→ **Entries supplied**
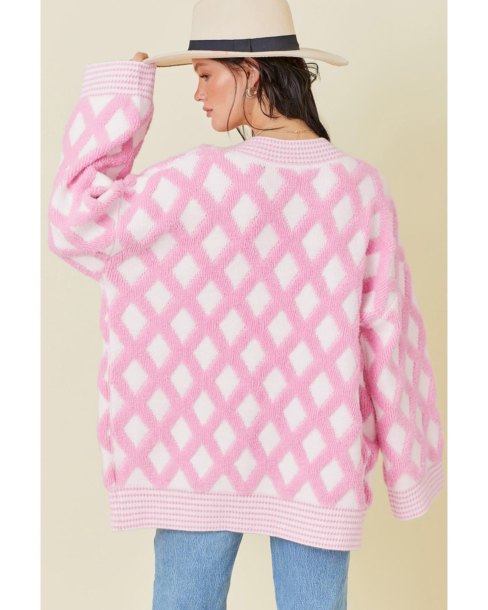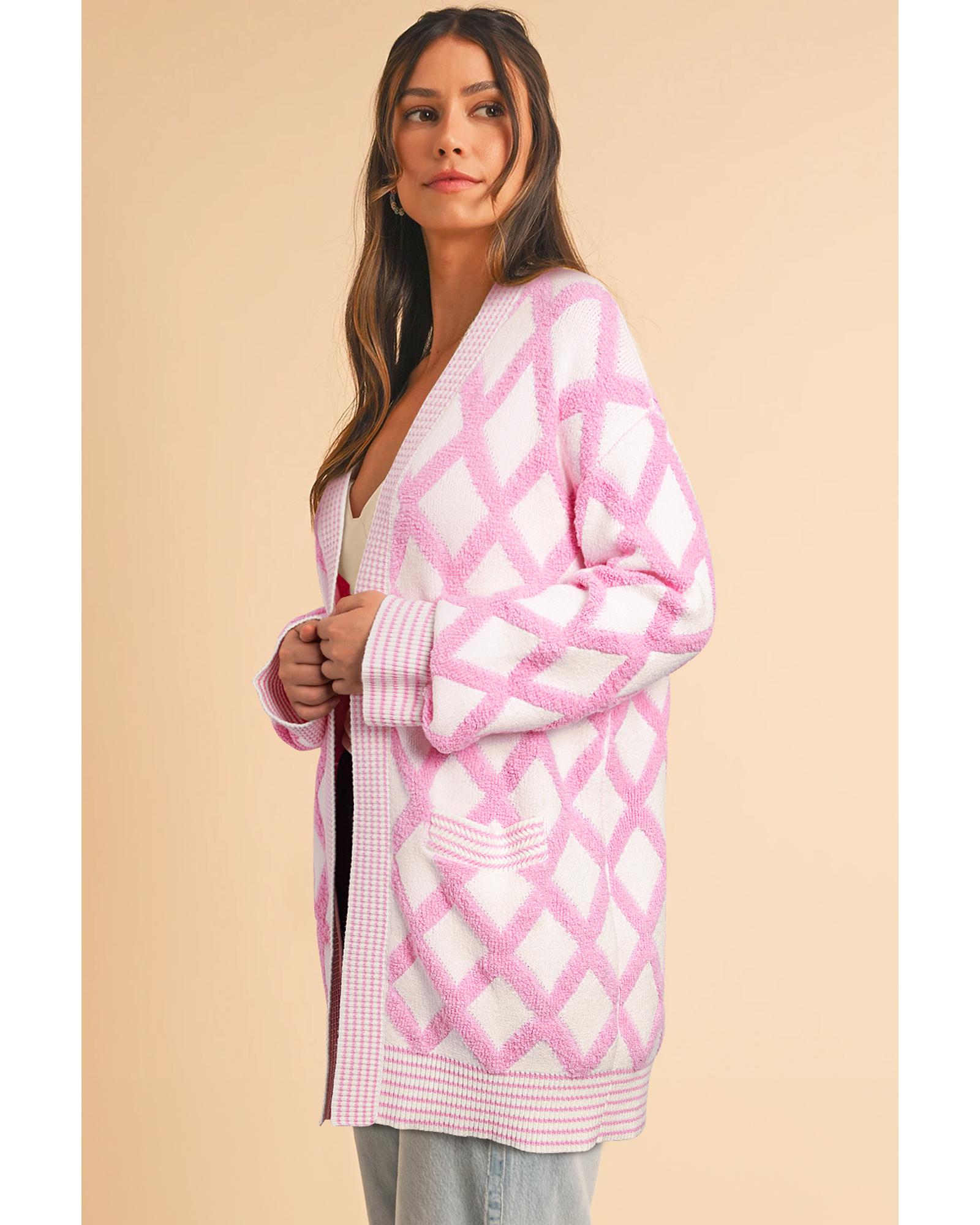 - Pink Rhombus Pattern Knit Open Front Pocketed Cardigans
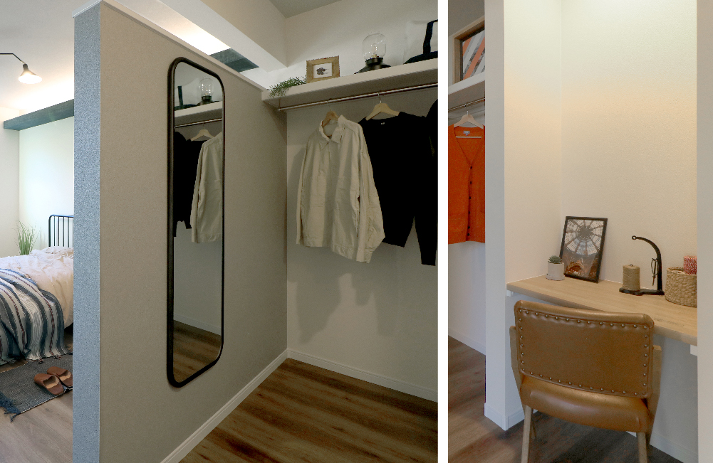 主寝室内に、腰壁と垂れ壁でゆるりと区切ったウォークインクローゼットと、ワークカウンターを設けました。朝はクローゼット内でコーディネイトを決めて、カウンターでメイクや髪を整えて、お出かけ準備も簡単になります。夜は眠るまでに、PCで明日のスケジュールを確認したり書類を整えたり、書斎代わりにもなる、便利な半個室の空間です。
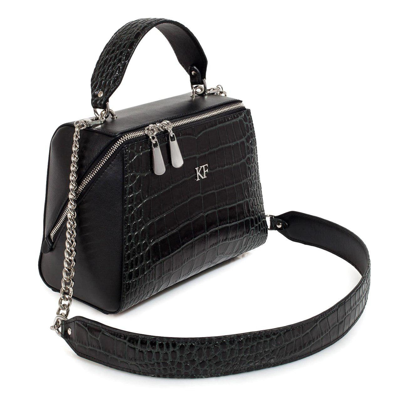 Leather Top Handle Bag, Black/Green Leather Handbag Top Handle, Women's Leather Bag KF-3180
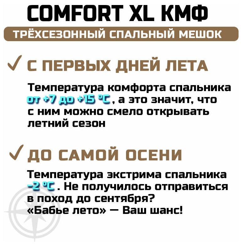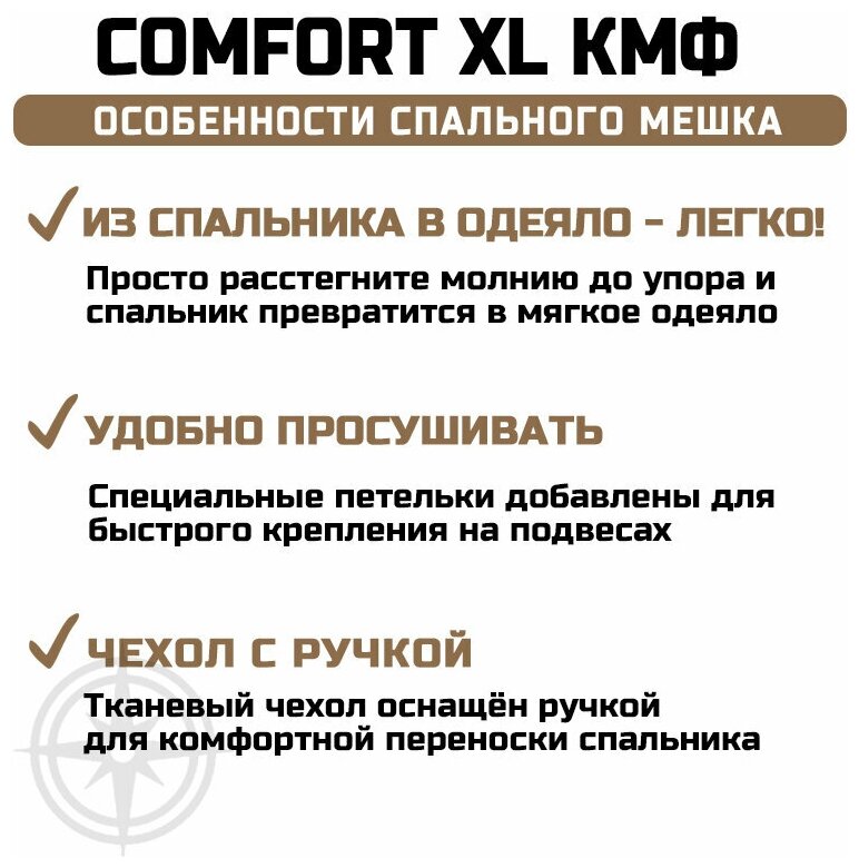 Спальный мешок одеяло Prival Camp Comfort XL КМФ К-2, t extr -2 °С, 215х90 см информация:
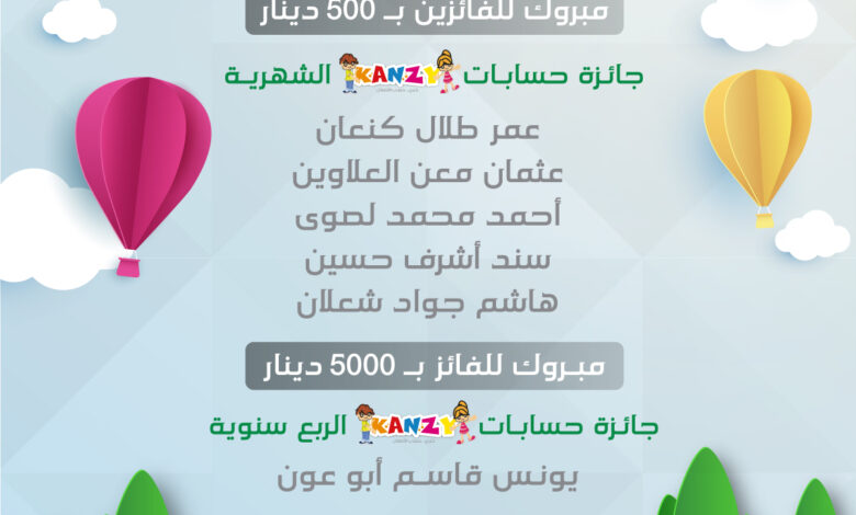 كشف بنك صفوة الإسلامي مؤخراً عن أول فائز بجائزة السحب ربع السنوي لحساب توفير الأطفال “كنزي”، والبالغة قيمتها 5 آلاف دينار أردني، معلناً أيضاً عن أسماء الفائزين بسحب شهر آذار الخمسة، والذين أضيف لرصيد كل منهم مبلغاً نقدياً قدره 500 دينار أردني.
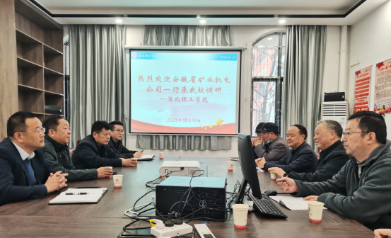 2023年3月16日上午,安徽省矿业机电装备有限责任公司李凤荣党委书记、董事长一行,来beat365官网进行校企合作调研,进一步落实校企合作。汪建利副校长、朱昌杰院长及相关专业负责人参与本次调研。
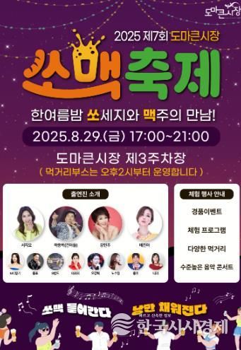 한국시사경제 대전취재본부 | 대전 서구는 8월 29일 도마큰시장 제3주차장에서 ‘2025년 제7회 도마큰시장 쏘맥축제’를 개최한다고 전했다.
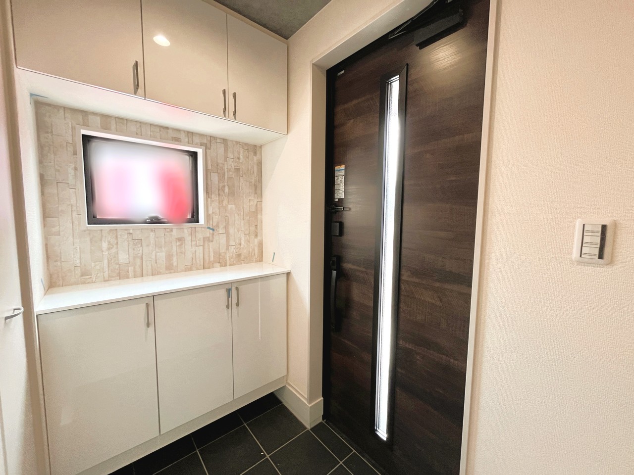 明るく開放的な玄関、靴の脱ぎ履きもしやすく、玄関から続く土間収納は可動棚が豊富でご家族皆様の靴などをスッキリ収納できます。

...

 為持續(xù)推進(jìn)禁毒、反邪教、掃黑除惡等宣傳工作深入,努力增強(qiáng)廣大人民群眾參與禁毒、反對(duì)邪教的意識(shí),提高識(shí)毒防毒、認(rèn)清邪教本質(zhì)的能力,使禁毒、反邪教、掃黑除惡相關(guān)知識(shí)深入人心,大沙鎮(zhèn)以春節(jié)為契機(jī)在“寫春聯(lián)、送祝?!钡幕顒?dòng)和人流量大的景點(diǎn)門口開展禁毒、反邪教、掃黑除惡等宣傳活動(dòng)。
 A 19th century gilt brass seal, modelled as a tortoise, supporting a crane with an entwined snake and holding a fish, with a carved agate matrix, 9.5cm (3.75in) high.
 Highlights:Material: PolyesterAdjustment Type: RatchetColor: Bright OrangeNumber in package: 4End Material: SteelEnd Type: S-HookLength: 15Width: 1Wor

* * *

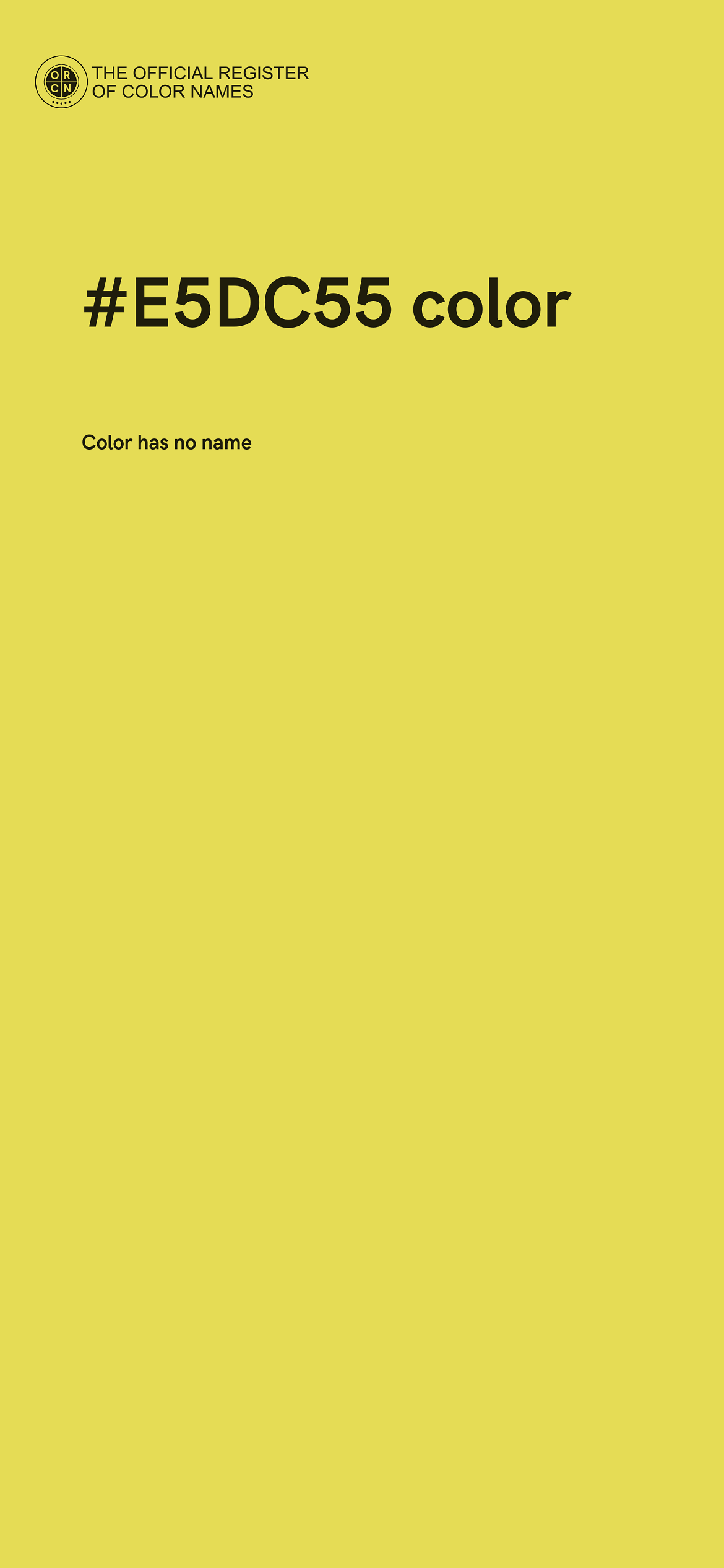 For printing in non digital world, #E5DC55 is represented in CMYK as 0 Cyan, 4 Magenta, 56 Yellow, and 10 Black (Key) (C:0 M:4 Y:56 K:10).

→ **What to do**
Begin at the line above that has "A 19th century" and stop after the line that has "S-HookLength: 15Width: 1Wor", copying each line exactly and adding nothing else.

→ **Result for this task**
 A 19th century gilt brass seal, modelled as a tortoise, supporting a crane with an entwined snake and holding a fish, with a carved agate matrix, 9.5cm (3.75in) high.
 Highlights:Material: PolyesterAdjustment Type: RatchetColor: Bright OrangeNumber in package: 4End Material: SteelEnd Type: S-HookLength: 15Width: 1Wor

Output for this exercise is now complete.